How to echo the allowed scopes in the Dynamic Client Registration response?

We’re trying to use KeyCloak as an Authorization Server in support of SMART App Launch which is an OAuth / OpenID Connect profile being used in healthcare.

This specification has a conformance test suite and we’re failing one of the conformance tests because it is looking for a JSON key named “scope” in the response to the Dynamic Client Registration it submits.

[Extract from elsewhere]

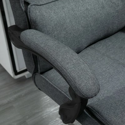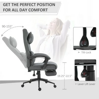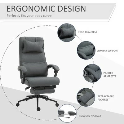 Kick comfort into high gear with this reclining office chair with extra headrest, armrest, lumbar pillow and retractable footrest from Vinsetto. With a 90-150 degree adjustable backrest, 360-degree swivel function, adjustable seat height, and a sturdy base with smooth rolling casters, this executive office chair can meet your different needs. Thanks to its high-quality materials and its ergonomic structure, the fabric office chair helps to maintain a correct and comfortable posture for those who must remain seated at the desk for several hours. This versatile ergonomic home office chair comes with a footrest that can be pulled outwards to relax your legs on or fully withdrawn for working, gaming, or studying.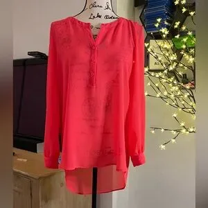 Candies- Sweet oversized blouse in a beautiful bright coral color, Size Large

KeyCloak does return all other fields being checked in the test, including redirect_uris, token_endpoint_auth_method, grant_types, response_types, client_id, client_secret, client_name, client_id_issued_at, client_secret_expires_at, etc.

I think they are basing the test on the following language from RFC 7591 - OAuth 2.0 Dynamic Client Registration Protocol

Additionally, the authorization server MUST return all registered metadata about this client, including any fields provisioned by the authorization server itself.

My understanding as they interpret that to mean that all registered fields from RFC 7591 - OAuth 2.0 Dynamic Client Registration Protocol must be in the response, although they only check for “client_id” and “scope”.

Does it sound right? How do we add the missing keys to the DCR response?

as for the dynamic registration issue, although OIDC spec does state that “all registered Metadata” be returned, it adds flexibility by saying “An Authorization Server MAY ignore values provided by the client”. If you look at the OIDC compliance certification spec, it excludes “scope” requirement from dynamic spec, and keycloak is certified implementation. https://openid.net/wordpress-content/uploads/2018/06/OpenID-Connect-Conformance-Profiles.pdf. So I would suggest health care profile to relax the return data format requirement, and better align with OIDC conformance requirement unless it is absolutely required.